Biespiel and Poet Activism

You can't fault David Biespiel.  We're all (mostly) failing the test of political engagement.  His provocative essay in the May 201o issue of Poetry is a cry from the heart for poets to become more engaged in public speech and public action for the betterment of democracy---and for the betterment of  poetry itself.

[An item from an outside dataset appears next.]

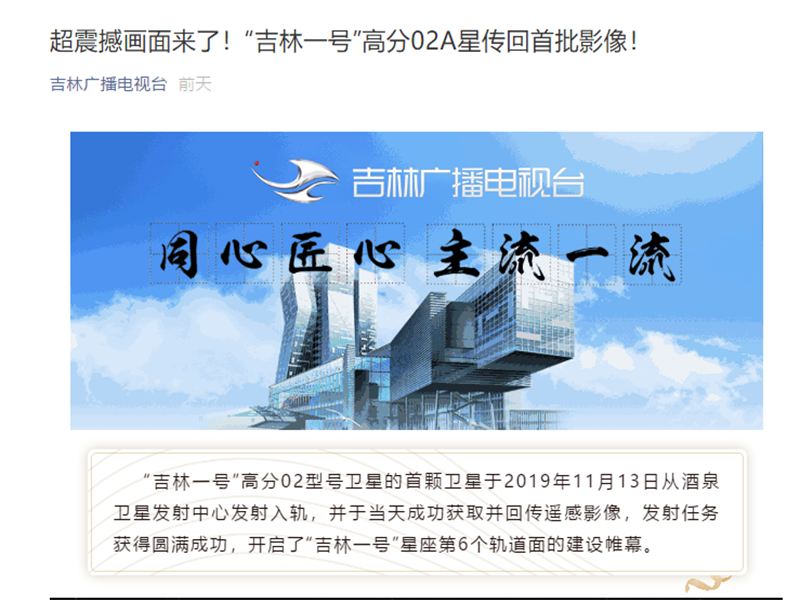 ● 吉林广播电视台-超震撼画面来了!“吉林一号”高分02A星传回首批影像! “吉林一号”高分02型号卫星的首颗卫星于2019年11月13日从酒泉卫星发射中心发射入轨,并于当天成功获取并回传遥感影像,发射任务获得圆满成功,开启了“吉林一号”星座第6个轨道面的建设帷幕。 2019-11-23

http://www.poetryfoundation.org/journal/article.html?id=239284

You can't fault him for his frustration toward anyone who, being "uniquely qualified to speak openly," as he says, fails the test of civic action.  As an emotional plea with the volume turned high, his essay serves the good purpose of animating conversation on the subject of activism and accountability.  I'm all for it--who wouldn't be?--and recommend a reading.  Then again, as an argument against poets specifically, it leaves me wondering, Do poets really carry more of a responsibility for moral leadership than others artists, other professions?  Biespiel suggests it, and I think that's why he's so bothered by what he sees as their insularity and "anti-civic" posture.  But poets, of all people, are poets for a reason.  There is a side to the art that just can't be nurtured through the tussle of activism.  Despite that, and despite Auden's belief that "poets who want to change the world tend to be unreadable," I know plenty of poets who are angry already.

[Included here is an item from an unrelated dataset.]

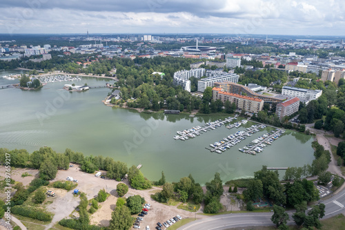© Michalis Palis, Fototapeta premium Aerial drone view of Helsinki cityscape capital of Finland

As a mere sample, the book I've just finished, Poetry in Person, contains 23 conversations with poets of all stripes: June Jordan, Robert Pinsky, Charles Simic, Derek Walcott, Lucille Clifton, C.K. Williams, Muriel Rukeyser, Edward Hirsch and Philip Levine, to mention a few, all made particular points of speaking out about accountability--of poets to themselves and to society.  Many of them had been open as activists at different times in their lives.  Biespiel mentions some of them in his essay; but there are dozens of others in the same position he doesn't consider.

We want a great deal from our poets.  The world needs them.  The poetry world is not as bleak as he paints it, however.  Far from it. Should more poets drop the pen, speak out, speak for, speak against?  Write letters to the editor?  Influence friends and congressmen? Perhaps more should.  Shouldn't we all?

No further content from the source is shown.